Pfizer (NYSE:PFE) is one of the top pharmaceutical companies in the world. With more than $50 billion in annual sales and profits of more than $16 billion over the trailing twelve months, the company offers investors a great deal of stability. The problem is that its business has shown minimal growth in recent years. While its dividend may attract investors looking for recurring income, it may be a struggle to find another reason to buy shares of Pfizer today. However, recent developments could make the company much more investable in the near future.
Changes to the business could improve its growth rate
There are two big moves the company is making that will change how the stock looks and that should improve its growth rate as well.
The first is the spinoff of its Upjohn division, which encompasses the company's off-patent medicine. The division will merge with another drug manufacturer, Mylan. Upjohn contributed $8.1 billion to the company's top line over the past nine months, or one-fifth of the $39.1 billion in sales that Pfizer earned over that time, but that's down 13% from the $9.3 billion that the segment generated over the prior-year period. Spinning off the business will allow Pfizer to focus on products that are exhibiting more growth, like breast cancer drug Ibrance, which has seen its sales rise 23% year to date. Eliquis, which treats blood clots, has also seen impressive year-over-year sales growth of 24%.
Another change for Pfizer comes with its consumer healthcare business combining forces with GlaxoSmithKline in a joint venture, effective Jul. 31, 2019. It isn't a big segment of Pfizer's business, as its 2018 sales from consumer healthcare totaled just $3.6 billion, which is a relatively small chunk of the $53.6 billion in revenue it generated during the year. It didn't show much growth, either, rising just 3.8% from the prior year.
By shifting its focus onto products that are core to its business and that have been exhibiting more growth, Pfizer's stock becomes more valuable in the process. While sales for Pfizer will look smaller, its growth rate may actually improve. Revenue in the third quarter was down 4.6%, while year-to-date totals are down around 1.5%.
But will it be enough to attract growth investors?
Although Pfizer will be cutting some low-performing segments out of the stock's financial results, what's left may still not be enough to make the company an attractive buy from a growth perspective. In Q3, the company's biopharma segment, which accounts for 80% of its top line, was up just 7.3% from the prior-year quarter, while year-to-date figures show even less impressive growth – 4.1%. Aside from its oncology products, where sales were up 28% in Q3, there aren't a whole lot of reasons for growth investors to get excited.
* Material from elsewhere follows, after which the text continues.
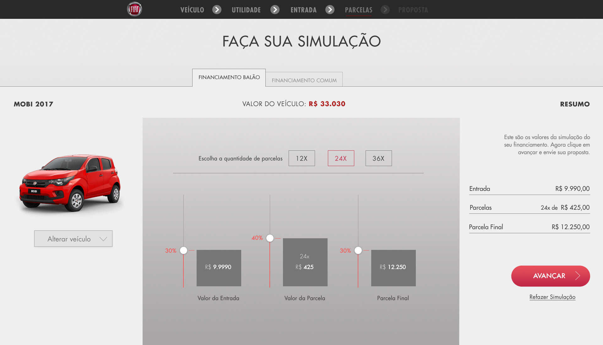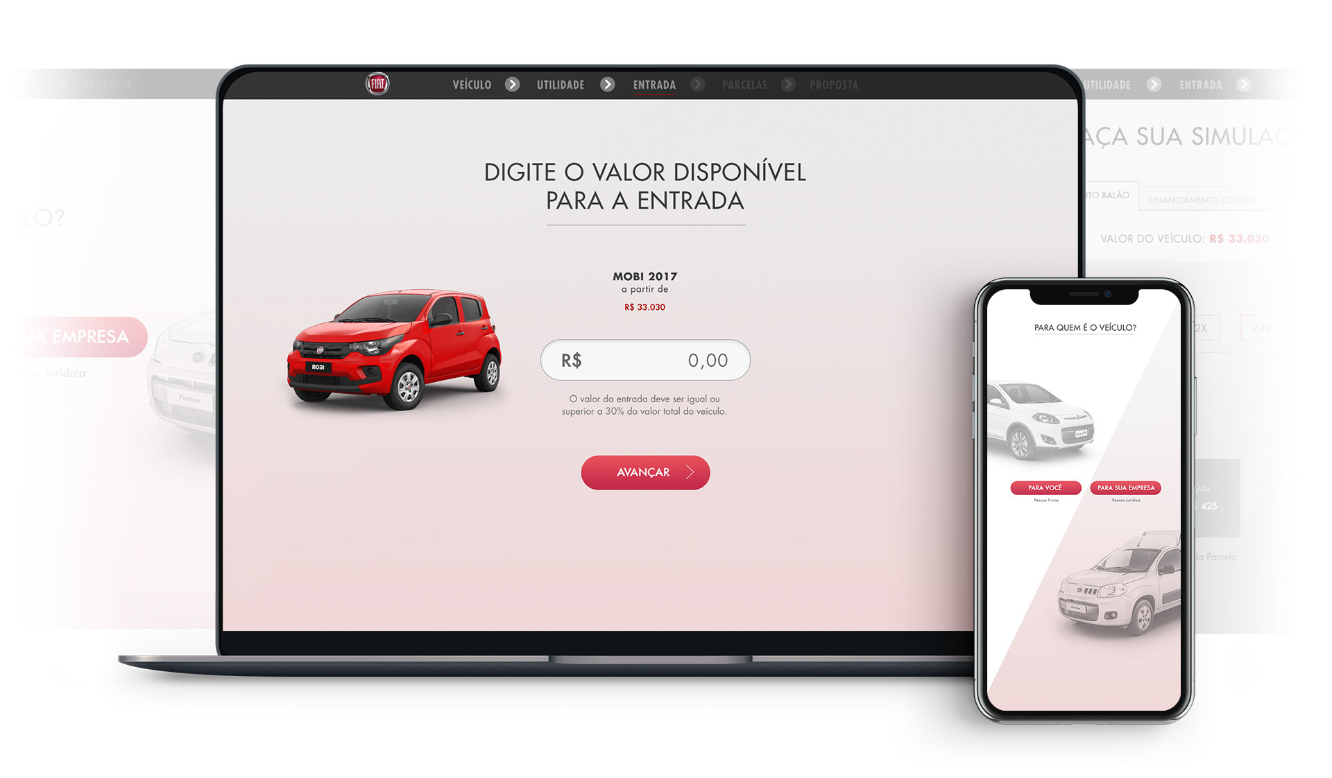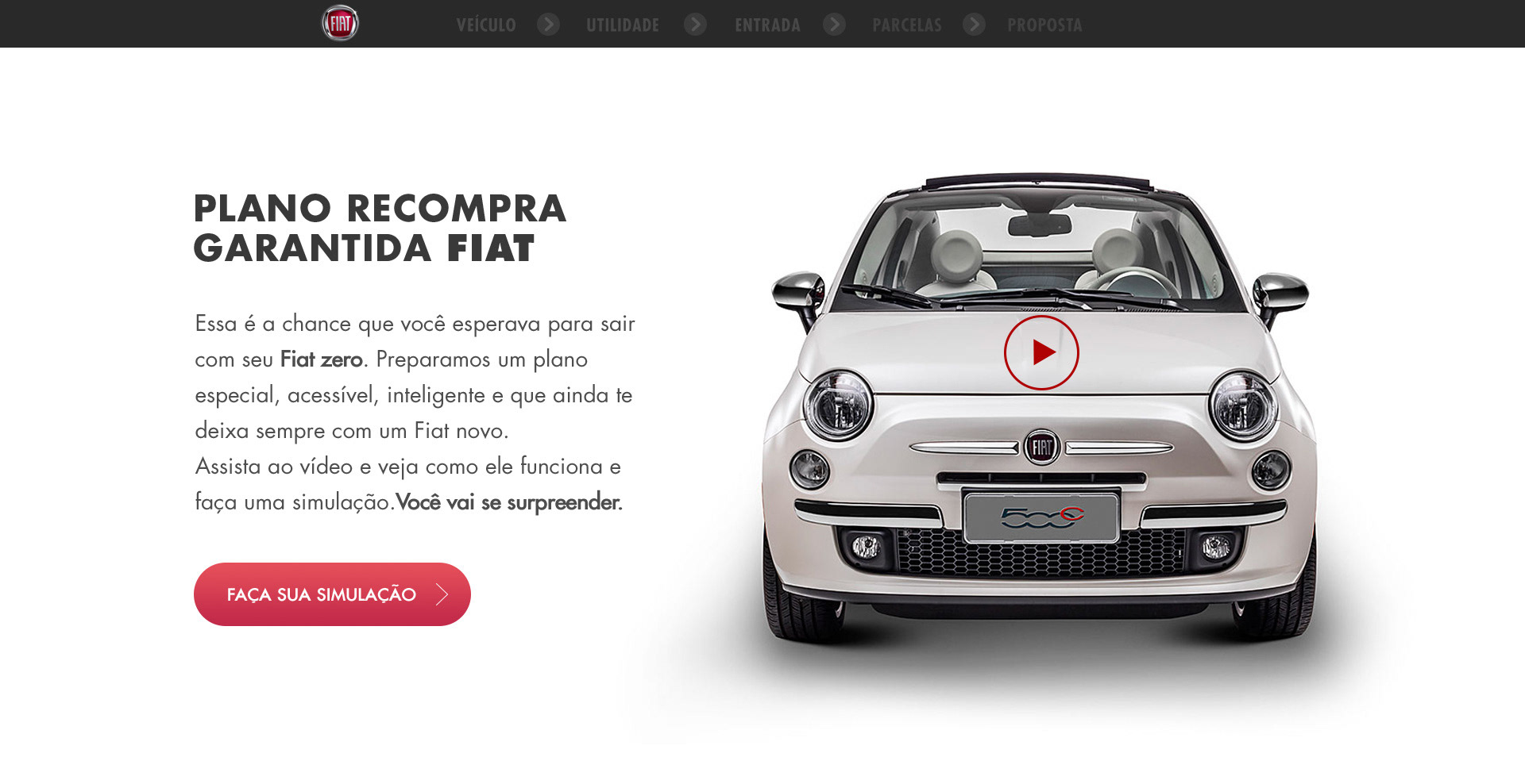 Landing Page para promover o Plano Recompra Garantida da Fiat. Com vídeo explicativo do programa a página contava também com simulação de financiamento interativa gerando lead diretamente para a concessionária de interesse do usuário.

That makes Pfizer primarily a buy for those investors who are looking for a recurring payout and a bit of stability as well. The low-volatility stock currently pays its shareholders a quarterly dividend of $0.38. The company recently hiked its dividend payments from $0.36 and the dividend yield is now up to 3.9%, well above the 1.85% that the S&P 500 averages. While it's not a Dividend Aristocrat, Pfizer has been raising its payouts consistently since 2010.
Is the stock a buy?
If you're looking for a solid dividend stock to buy and hold, Pfizer could be a good option for your portfolio. And with better prospects for growth moving forward, the stock may perform better than it has over the past five years -- rising just 18%, far below the S&P 500, which is up 62% over the same period.
But with higher-yielding dividend stocks out there and better options available for growth, there isn't an overly compelling reason to buy Pfizer today, especially with all the changes that the company is undergoing. Until Pfizer can show some strong, sustainable growth, investors may want to look elsewhere, at other healthcare stocks to invest in.